Not to pick on the Germans and Austrians, who have more than their share of detractors (most of whom know nothing about most of German and Austrian history, of course), but it is interesting how 19th century liberals, particularly those in German-speaking lands, inevitably became nationalists as they came to identify the success of the nation and the success of liberal politics as being one and the same.  In the internecine political fights of the Habsburg Monarchy, things reached a point where being liberal and being German were almost interchangeable and the dominance of German language and German people became a symbol of the success of liberalism over and against the reactionary and pan-Slavic Czechs, Poles and Slovaks (to say nothing of conservatism of the Magyars!).  This identification of German nationalism and liberalism, of course, drove most non-Germans in Austria-Hungary towards other political ideas.  At the same time, the elite and urban nature of German liberalism and its economic and cultural policies in both Germany and Austria alienated the rural Catholic population and industrial workers. 

In later decades the National Liberals in Germany became the most strident nationalists and boosters of Weltpolitik.  Like today’s fatuous neo-imperialists and hysterical pundits who cry about WWIII (or WWIV or WWXXVII), the crazed liberal nationalist used the mad slogan, “Weltmacht oder Niedergang!” (World Power or Defeat) to describe Germany’s strategic predicament.  (Sounds sort of like “war for survival” and “existential threat,” does it it not?)  This sort of mentality bred a kind of paranoia about foreign threats–which were admittedly far more real and immediate for the Germans than they are for us–that encouraged the most reckless sort of confrontational policies and, well, we know how that worked out.  (It is worth noting that the average American “conservative” pundit seems to think that the U.S., preeminent superpower in the world, is in the same straits as an emerging second-tier power, surrounded by powerful forces that are on the verge of annihilating it.) 

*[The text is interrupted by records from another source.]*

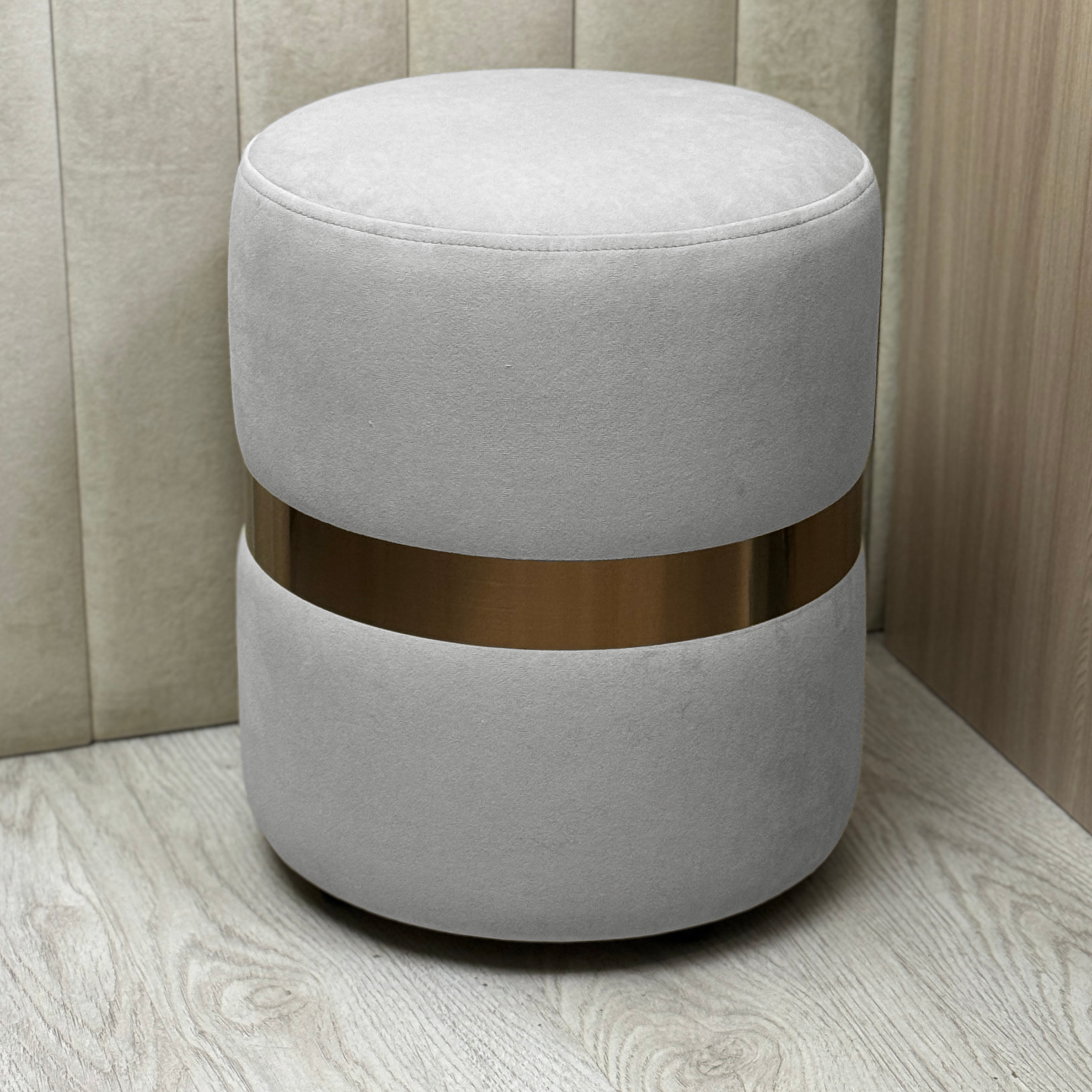 Круглый пуфик для туалетного столика, спальни, гостиной, прихожей, примерочной изготовлен из великолепного матового велюра без "пальчикового" эффекта. Центральная его часть декорирована стальной нержавеющей зеркальной лентой под серебро или золото. Возможно индивидуальное изготовление.
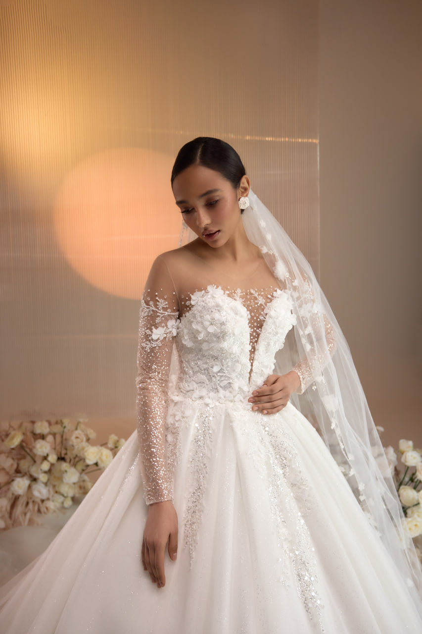 Mânecile: Mânecile lungi adaugă o notă romantică și sunt confecționate din tiul fin, decorat cu aceleași aplicații florale ca și corsetul, oferind o continuitate elegantă și rafinată.
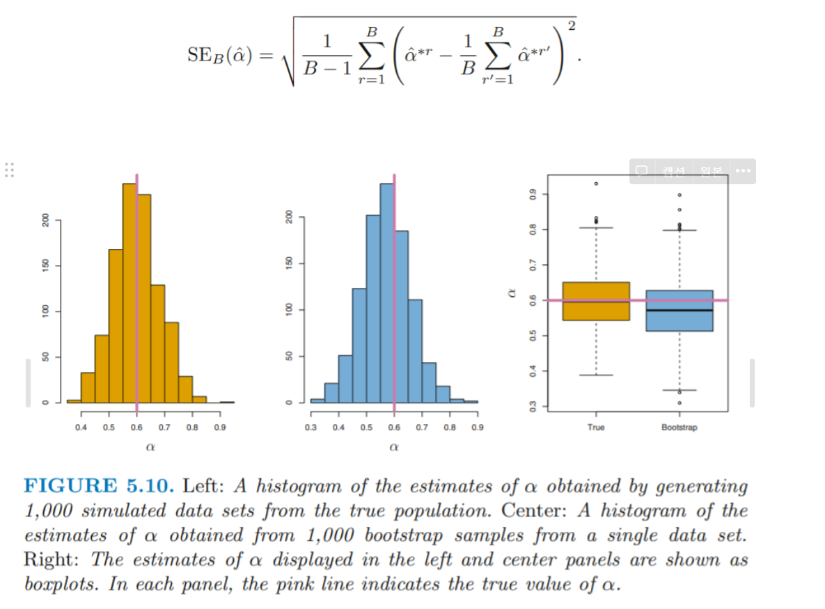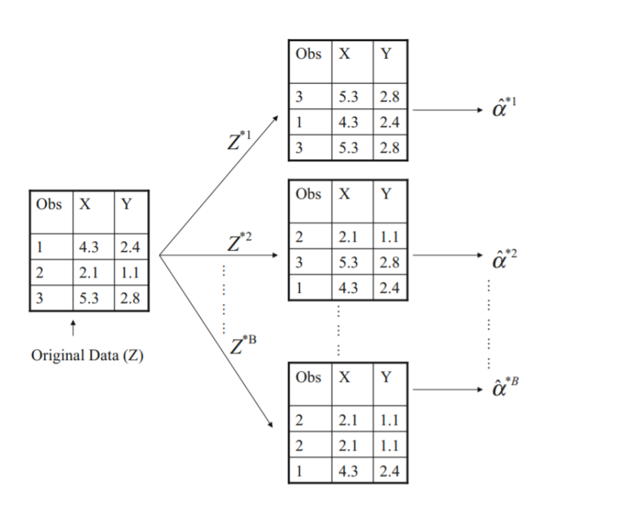 → boostrap을 이용하면 additional samples을 generating 하는 대신 , original data set에서 반복적으로 distinct한 sample을 얻을 수 있고 이를 이용해 추정치를 얻을 수 있다.
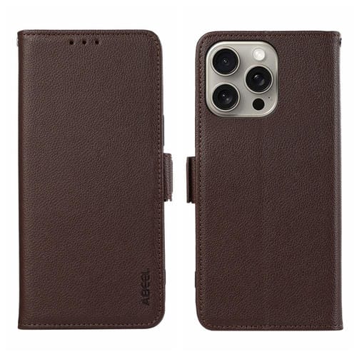 Funda para Teléfono Abeel iPhone 15 Pro Max Rfid Cuero Patrón Litchi Magnético (Marrón)
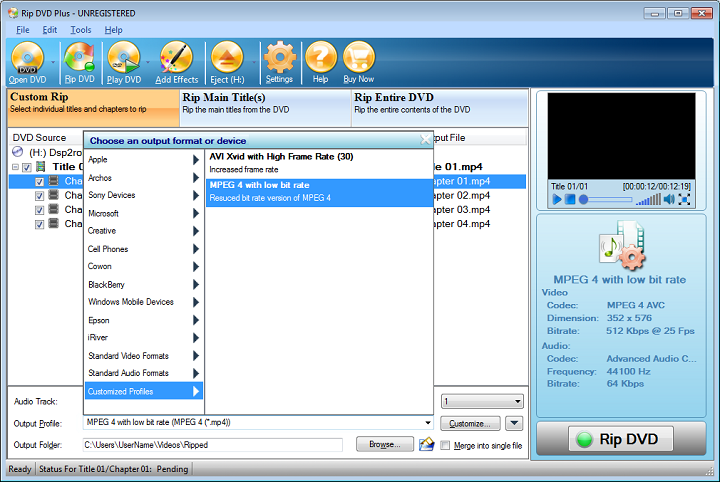 There are certain profiles and formats available to rip DVD content to play on many popular devices. The defaults produce high quality and small size video and audio files. Whenever you change the settings for a particular output profile, save it as a Custom Profile. This profile can then be used to rip other DVDs using the same options.

After the Great War, the old Liberal voters turned to German nationalism even more strongly.  Not only, as the book’s famous title has it, did they think they were free under Nazi despotism, but I expect that they, the ordinary supporters, believed the establishment of the New Order would bring freedom to many of its conquered peoples (the one word that comes up again and again in Nazi songs is Freiheit, which should give everyone who freely talks about bringing other people freedom pause).  For the ideologues themselves, the destruction of national enemies and the seizure of territory for their own people would provide greater freedom for their people–modern men, especially those whose inheritance derives from the principles of 1789, will constantly convince themselves that everything they do in the political sphere is for freedom or some other fine-sounding revolutionary principle.  Relatively normal people almost have to believe that their wars of aggression have some deeper or higher moral justification, or they are liable to lose confidence that their victories are worthy of respect and admiration.        

Of course, I can hardly blame the average Lebanese or Iraqi who now fail to discern the high-minded, deeply moral purpose of the “birth pangs of a new Middle East.”  They, unlike Secretary Rice, must not be students of history.  They simply don’t know about all those other times in the past when this sort of idea worked out so well.